**PROBLEM TO WORK ON:** Would you reproduce every record exactly, leaving out the pictures?

────────────────────────────────────────

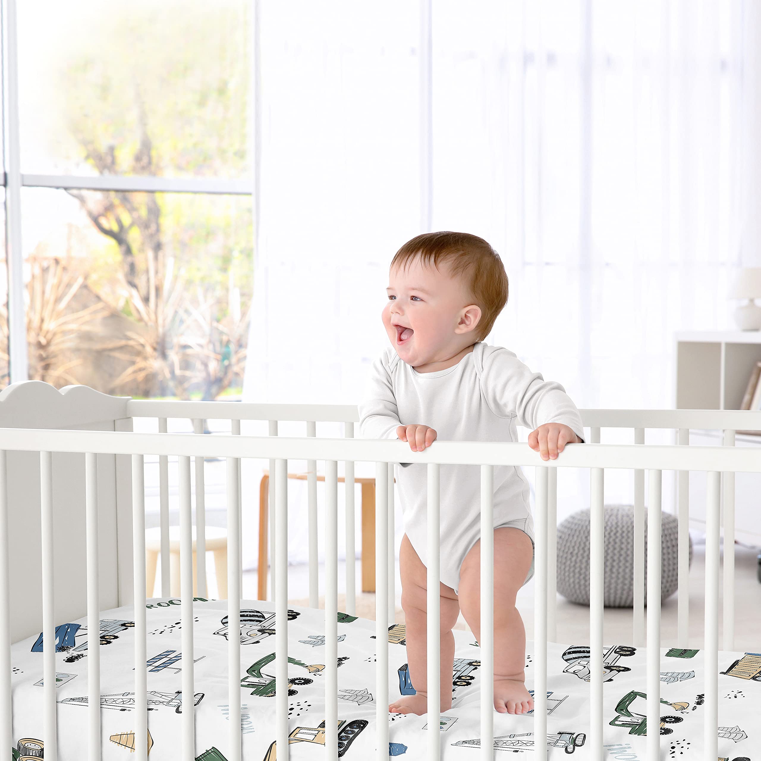 Pack of 2 Brushed Microfiber Fitted Crib Sheets - (1) Green Navy Blue Grey Yellow Construction Truck Transportation Bulldozer Tractor Cement Mixer Crane Print paired with (1) Grey and White Tire Tracks Print
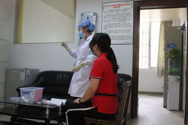 是日下午3:30分,演練開始。第一個(gè)預(yù)設(shè)場(chǎng)景是健康檢查演練。模擬學(xué)校開學(xué)后,在校門體溫監(jiān)測(cè)點(diǎn)發(fā)現(xiàn)某學(xué)生體溫異常。值班行政經(jīng)過再次體溫檢測(cè)確認(rèn)體溫異常,按要求詢問該學(xué)生,確定學(xué)生有與境外疫情重點(diǎn)地區(qū)人員接觸史時(shí),立刻引導(dǎo)學(xué)生進(jìn)入臨時(shí)隔離室并聯(lián)系校醫(yī)室、班主任。學(xué)校醫(yī)務(wù)人員到場(chǎng)后,再次詢問學(xué)生的“三史”,并用水銀體溫計(jì)對(duì)學(xué)生測(cè)量體溫。再次確定學(xué)生體溫異常后,醫(yī)務(wù)人員立即撥打120通知相關(guān)醫(yī)院派車接診并上報(bào)屬地疾控中心。與此同時(shí),醫(yī)務(wù)人員把情況匯報(bào)給學(xué)校負(fù)責(zé)人,并上報(bào)區(qū)教指中心。專業(yè)消毒人員最后對(duì)相關(guān)區(qū)域進(jìn)行消毒。
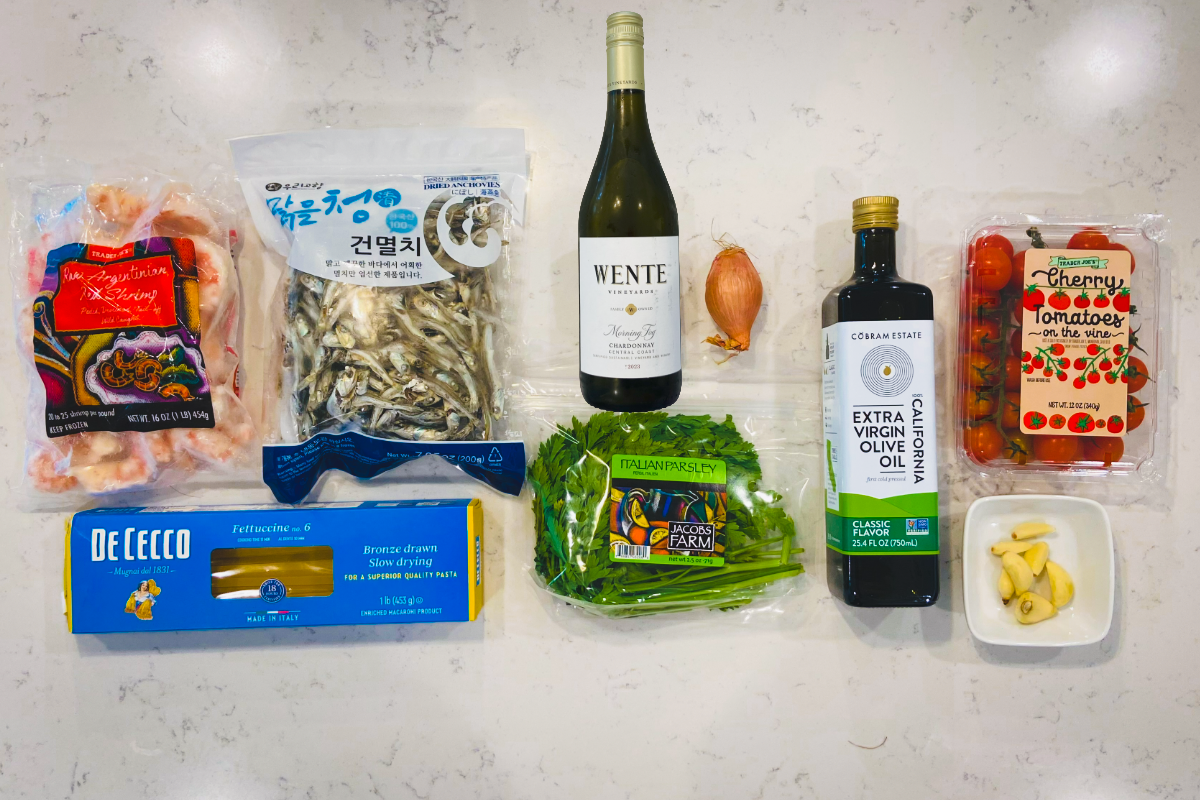 The magic of this dish lies in the anchovy oil. By gently frying dried anchovies in avocado oil until they’re crisp and golden, you create a oil that becomes the soul of the sauce. The crispy anchovies are set aside as garnish, while the oil infuses the pasta with layers of savory depth. Add shrimp, garlic, scallions, and sweet cherry tomatoes, and you’ve got a pasta dish that’s both healthy and satisfying.
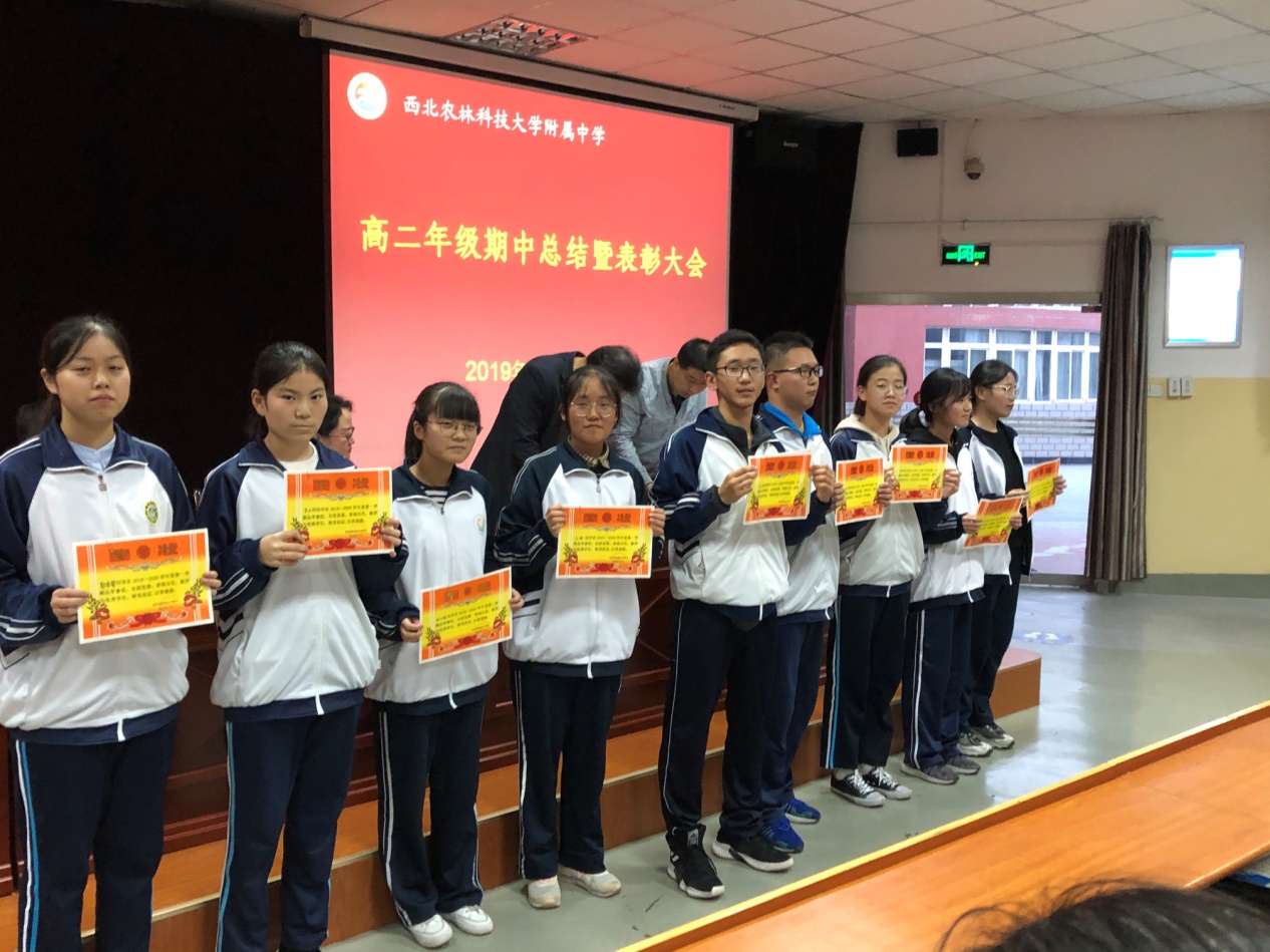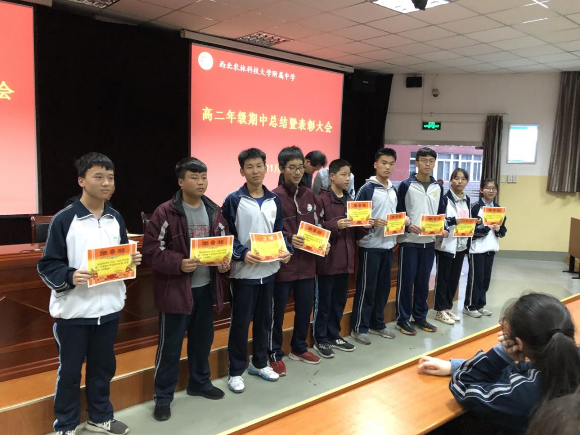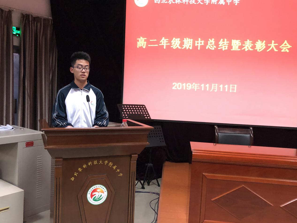 教育处徐恒明主任和年级组长王西武老师宣布了受表彰的学生名单,与会领导为获奖同学颁奖。此次期中考试中获得总分第一名的代君政同学作为优秀学生代表在大会上分享了自己的学习经验,认为在日常的学习中,要保持一个良好的心态;其次,要制定自己的学习目标,找到适合自己的学习方法。徐鹤瑞同学作为进步生代表分享了自己的学习经验,告诉同学们要确立适合自己的学习目标,分步完成;要在平常的学习中养成良好的学习习惯;注重知识的积累,定期复习,独立完成作业。只要脚踏实地就一定能获得进步。
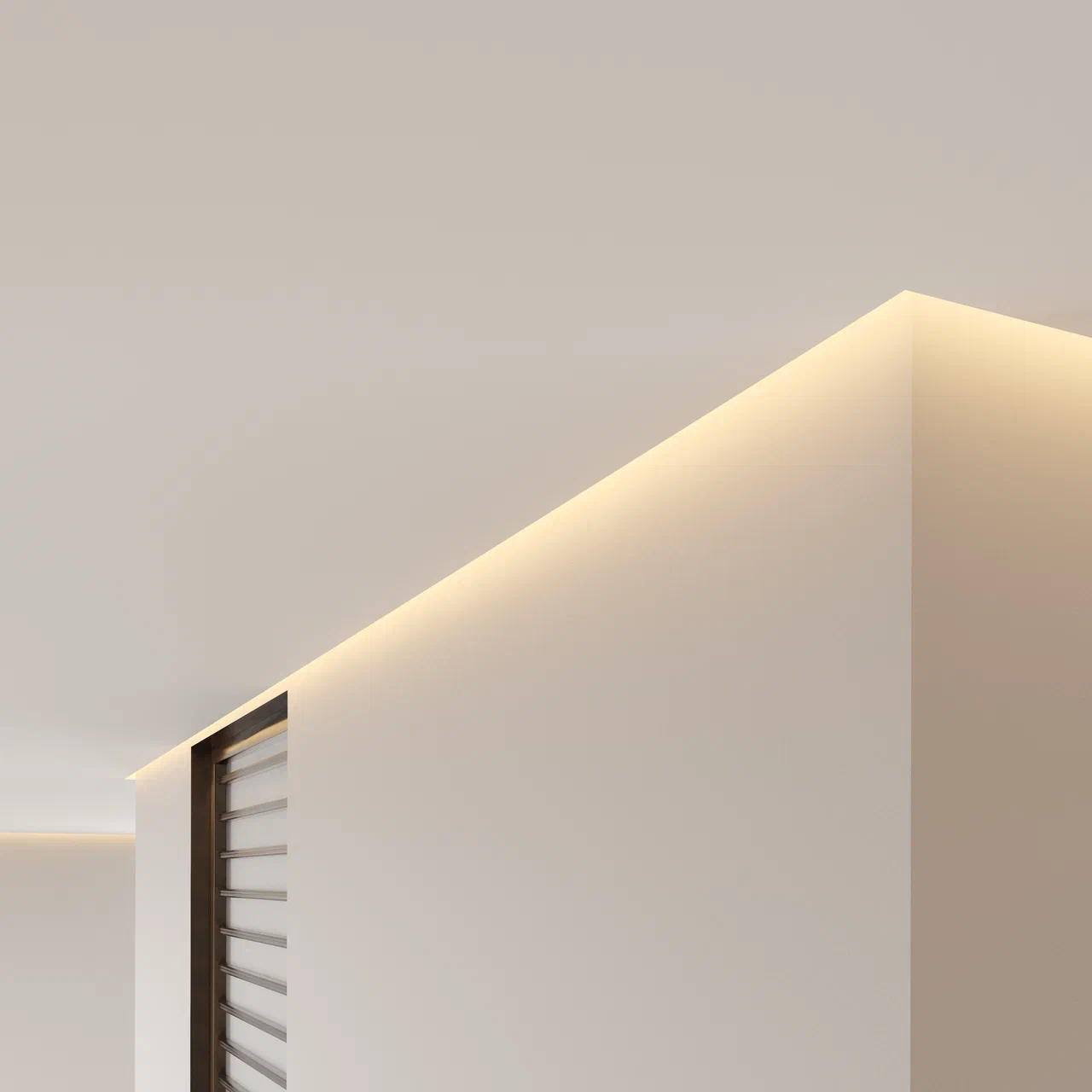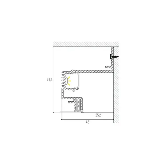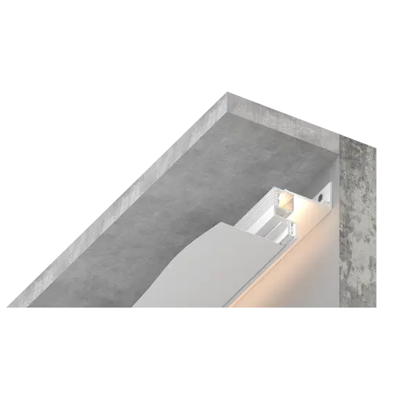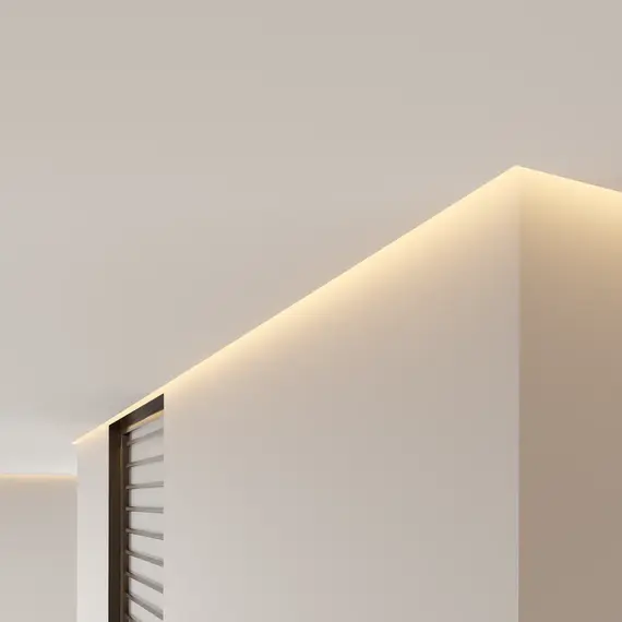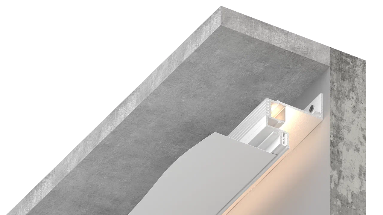 Самонесущая конструкция парящего профиля с фиксированным отступом от стены и мягкой подсветкой, не подчёркивающей неровности стены. Профиль поставляется в комплекте с демпфером.
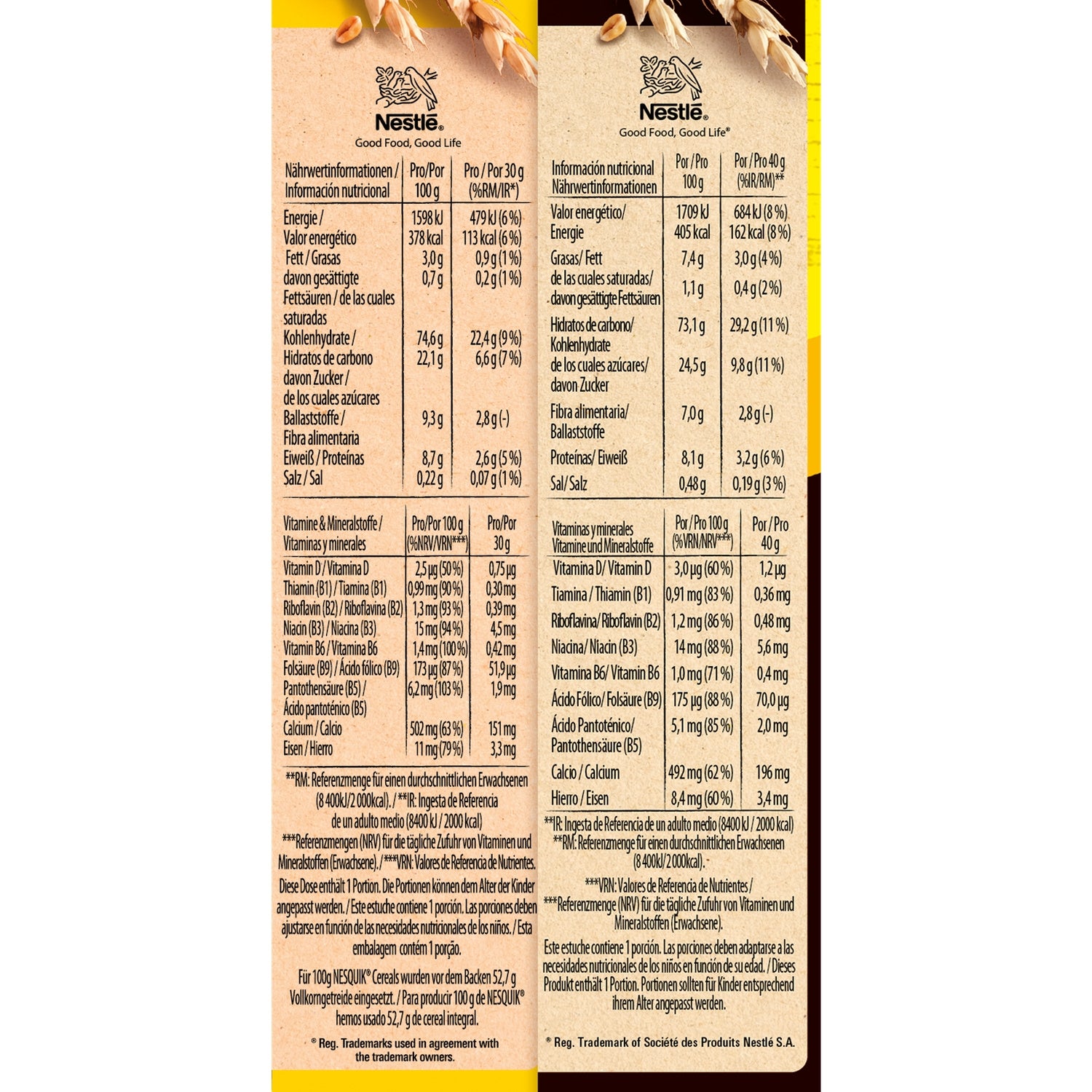 5 variétés de céréales : CRUNCH, CHOCAPIC, LION, NESQUIK, COOKIE CRISP,Blé complet, 1er ingrédient,Sans colorant,Sans arôme artificiel,Fabriqué en France,Nutri-Score A, B et C

────────────────────────────────────────

**SOLUTION FOR THIS TASK:**
 Pack of 2 Brushed Microfiber Fitted Crib Sheets - (1) Green Navy Blue Grey Yellow Construction Truck Transportation Bulldozer Tractor Cement Mixer Crane Print paired with (1) Grey and White Tire Tracks Print
 是日下午3:30分,演練開始。第一個(gè)預(yù)設(shè)場(chǎng)景是健康檢查演練。模擬學(xué)校開學(xué)后,在校門體溫監(jiān)測(cè)點(diǎn)發(fā)現(xiàn)某學(xué)生體溫異常。值班行政經(jīng)過再次體溫檢測(cè)確認(rèn)體溫異常,按要求詢問該學(xué)生,確定學(xué)生有與境外疫情重點(diǎn)地區(qū)人員接觸史時(shí),立刻引導(dǎo)學(xué)生進(jìn)入臨時(shí)隔離室并聯(lián)系校醫(yī)室、班主任。學(xué)校醫(yī)務(wù)人員到場(chǎng)后,再次詢問學(xué)生的“三史”,并用水銀體溫計(jì)對(duì)學(xué)生測(cè)量體溫。再次確定學(xué)生體溫異常后,醫(yī)務(wù)人員立即撥打120通知相關(guān)醫(yī)院派車接診并上報(bào)屬地疾控中心。與此同時(shí),醫(yī)務(wù)人員把情況匯報(bào)給學(xué)校負(fù)責(zé)人,并上報(bào)區(qū)教指中心。專業(yè)消毒人員最后對(duì)相關(guān)區(qū)域進(jìn)行消毒。
 The magic of this dish lies in the anchovy oil. By gently frying dried anchovies in avocado oil until they’re crisp and golden, you create a oil that becomes the soul of the sauce. The crispy anchovies are set aside as garnish, while the oil infuses the pasta with layers of savory depth. Add shrimp, garlic, scallions, and sweet cherry tomatoes, and you’ve got a pasta dish that’s both healthy and satisfying.
 教育处徐恒明主任和年级组长王西武老师宣布了受表彰的学生名单,与会领导为获奖同学颁奖。此次期中考试中获得总分第一名的代君政同学作为优秀学生代表在大会上分享了自己的学习经验,认为在日常的学习中,要保持一个良好的心态;其次,要制定自己的学习目标,找到适合自己的学习方法。徐鹤瑞同学作为进步生代表分享了自己的学习经验,告诉同学们要确立适合自己的学习目标,分步完成;要在平常的学习中养成良好的学习习惯;注重知识的积累,定期复习,独立完成作业。只要脚踏实地就一定能获得进步。
 Самонесущая конструкция парящего профиля с фиксированным отступом от стены и мягкой подсветкой, не подчёркивающей неровности стены. Профиль поставляется в комплекте с демпфером.
 5 variétés de céréales : CRUNCH, CHOCAPIC, LION, NESQUIK, COOKIE CRISP,Blé complet, 1er ingrédient,Sans colorant,Sans arôme artificiel,Fabriqué en France,Nutri-Score A, B et C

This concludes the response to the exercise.